Entra no elevador o menino franzino que sempre toma o ônibus comigo. Sorri em sinal de cumprimento e fica visivelmente envergonhado com o brado da mãe: "vai com deeeus, filho". Subimos juntos até o ponto sem trocar palavra. Acho que ele é tímido. Ele tem cara de estagiário de escritório de advocacia. Da próxima vez, vou perguntar o que ele faz da vida;
A mulher leva na coleira um cachorro que é duas vezes maior do que ela. Segura severamente o laço, quase enforcando o bicho, enquanto ele tenta vingativo arrastá-la para o meio fio. Ao passar por mim, esboça um sorriso no canto da boca;
O cobrador responde meu "bom dia", como de costume. Comento que estou com frio e errei na roupa. Ele então abre um largo sorriso: "Pode ter errado, mas tá linda. E cheirosa, como sempre". Enrubreço (e sorrio);
O passageiro sentado ao meu lado fala alguma coisa. Tiro o fone do ouvido. Ele repete "Esse desce a Consolação?". Aviso que não, terá de trocar nas Clínicas. Ele sorri e agradece. Reparo como ele é parecido com você. Tem o seu tamanho e as mãos iguais às tuas. Lembro do nosso sorvete no ponto de ônibus e sorrio.
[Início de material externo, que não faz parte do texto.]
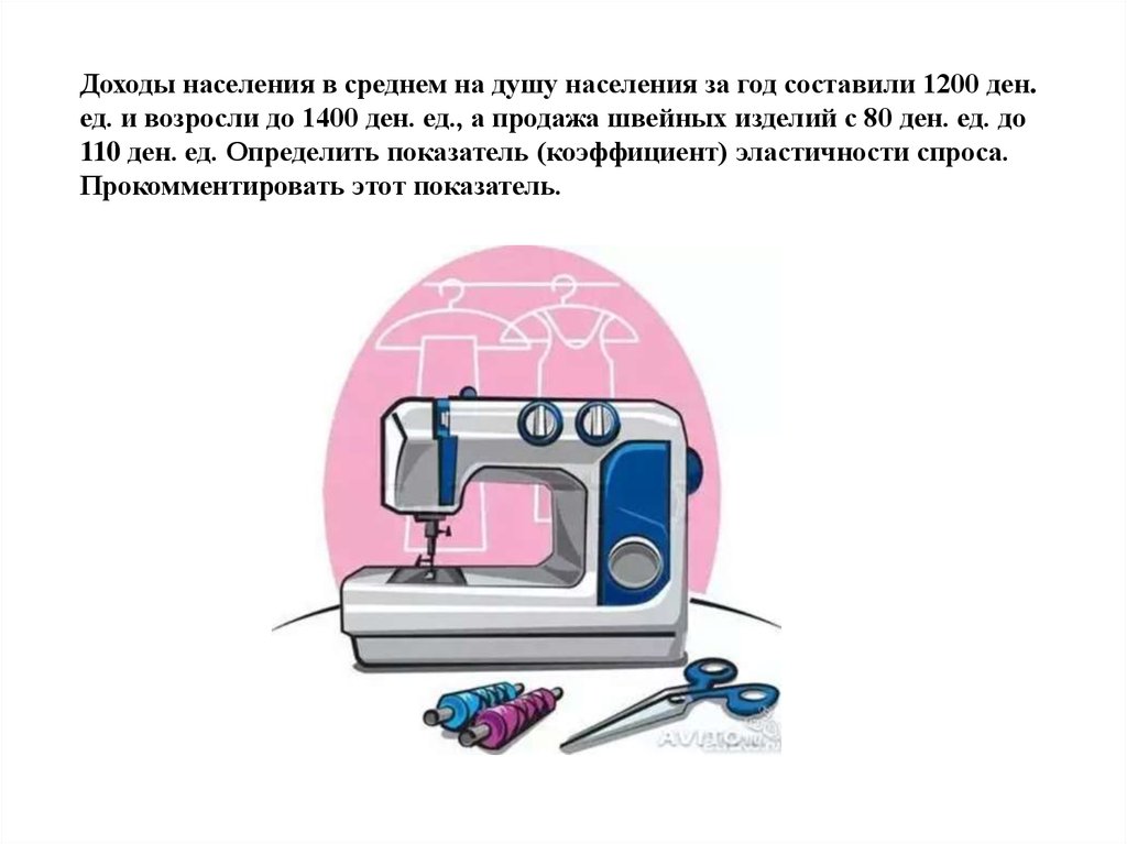 Доходы населения в среднем на душу населения за год составили 1200 ден.ед. и возросли до 1400 ден. ед., а продажа швейных изделий с 80 ден. ед. до
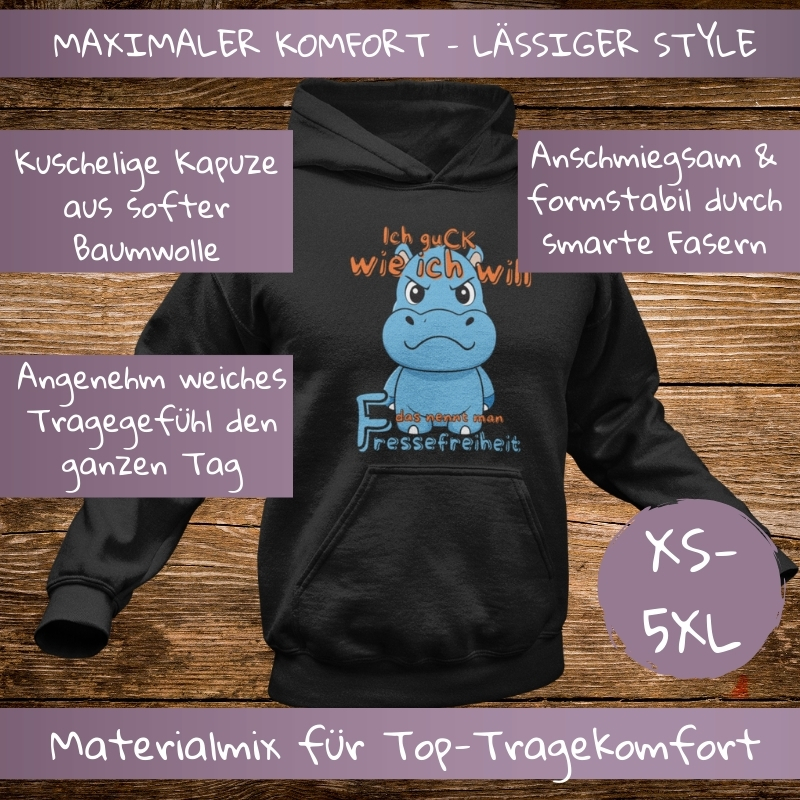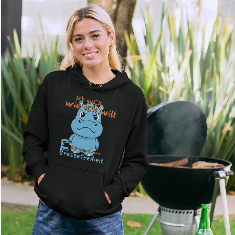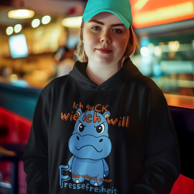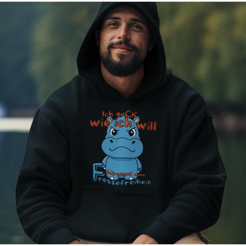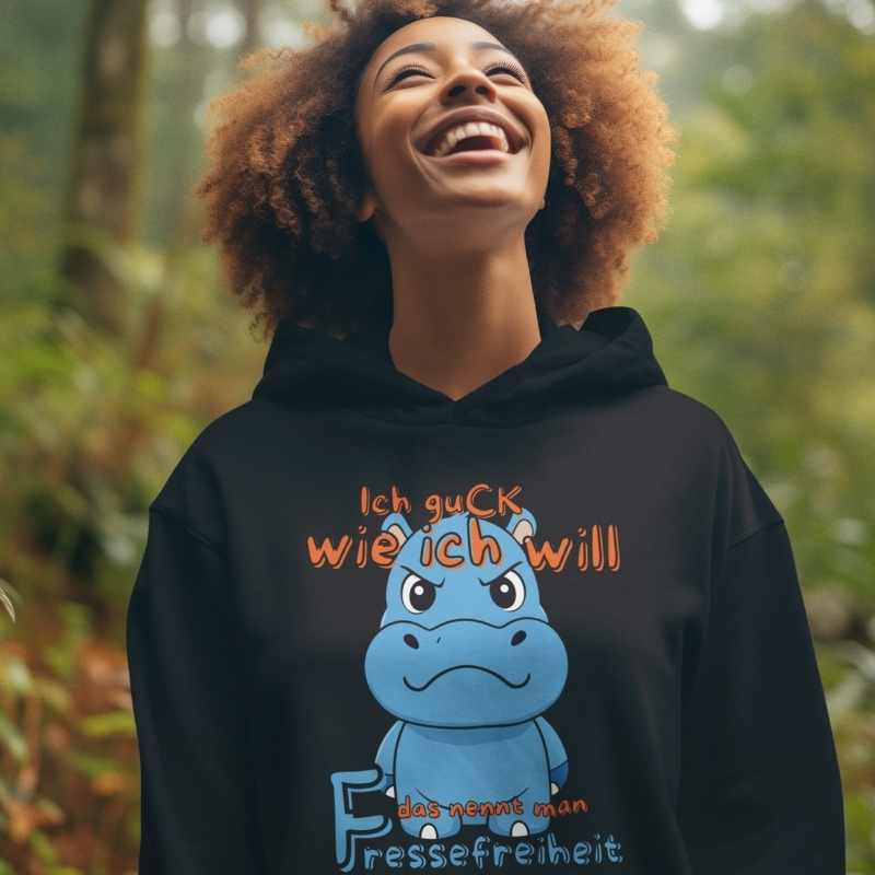 Dieser Hoodie mit dem herrlich schlecht gelaunten Nilpferd und dem Spruch „Ich guck wie ich will – das nennt man Fressefreiheit“ ist das ultimative Statement für alle, die auf Smalltalk verzichten können.

Atravesso a avenida, tomo o lado esquerdo da calçada. E lá está ele, à procura. O cheiro azedo invade a minha passagem. Em busca de restos podres, alimentando-se de nossos descartes, ele abre um saco após o outro, sem pudor, sem nojo, com a naturalidade cotidiana de quem abre uma loja.
Escancara na nossa cara o mais desagradável dos mundos.
Ele não sorri. Nem eu. Sorte que já houve outros sorrisos para compensar esse momento. Ele, o mais (in)digno de todos os homens, é o único personagem que eu não gostaria de encontrar nas minhas manhãs sorridentes.
3 comentários:
olá prosadora! obrigada pela visita e por ser minha seguidora! ehehe, sorri logo cedo por causa disso! ;)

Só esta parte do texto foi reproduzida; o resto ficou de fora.